Mistral, le champion français de l'IA à la conquête de la Silicon Valley

Incontournable à Paris, Mistral AI testait pour la première fois cette semaine sa popularité dans la Silicon Valley. Reportage.
Arthur Mensch, CEO de Mistral AI, présentait son entreprise à la GTC de Nvidia.
Arthur Mensch, CEO de Mistral AI, présentait son entreprise à la GTC de Nvidia. (Crédits : FM pour La Tribune)

Des centaines de professionnels de l'intelligence artificielle s'amassent dans une grande salle de conférence bondée du McEnery Convention Center de San Jose. Ils sont venus voir un des ovnis de leur industrie. Sur scène, Arthur Mensch présente sa startup, Mistral AI, dans un anglais fluide où son léger accent français ressort. Véritable star de l'écosystème hexagonal, le dirigeant de 31 ans porte un projet ambitieux. Depuis Paris, il entend concurrencer OpenAI (le créateur de ChatGPT), Google ou encore Meta dans le développement des meilleurs modèles d'IA. Sa prise de parole attire d'autant plus l'attention que la jeune pousse française ne s'était pas encore montrée publiquement dans la Silicon Valley.

Pour sa première, Mistral profite d'un présentoir de choix : la GTC, grande messe annuelle de Nvidia, l'incontournable vendeur de processeurs d'IA valorisé à plus de 2.000 milliards de dollars. Un événement très attendu, qualifié de « Woodstock de l'IA » par un analyste de la Bank of America, qui revenait dans un format physique pour la première fois depuis 2019.

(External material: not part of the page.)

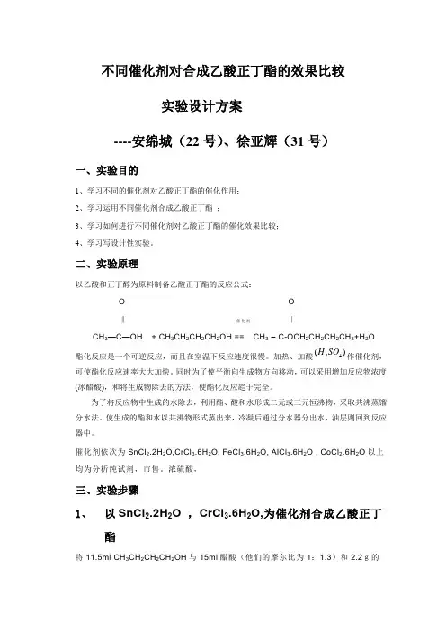 不同催化剂对合成乙酸正丁酯的效果比较实验设计方案----安绵城(22号)、徐亚辉(31号)一、实验目的1、学习不同的催化剂对乙酸正丁酯的催化作用;2、学习运用不同催化剂合成乙酸正丁酯 ;3、学习如何进行不同催化剂对乙酸正丁酯的催化效果比较;4、学习写设计性实验。

À peine descendu de scène, Arthur Mensch se fait escorter par une nuée d'une vingtaine de personnes, avides de créer un premier contact ou d'arracher un conseil. L'entrepreneur passé par Google finira son bain de foule par une session de selfies avec quelques fans, avant de s'excuser pour partir en rendez-vous. « Ils ne sont pas encore aussi connus qu'OpenAI, mais ils sont clairement identifiés dans le premier groupe de concurrents », nous glisse Antonio Di Francesco, un développeur californien qui espérait saluer le dirigeant de Mistral. « Ils intriguent. L'industrie tend vers l'utilisation de modèles d'IA plus petits et plus efficaces, et on peut considérer qu'ils sont pionniers du sujet », complète une employée d'un des géants technologiques américain, venue assister à la présentation.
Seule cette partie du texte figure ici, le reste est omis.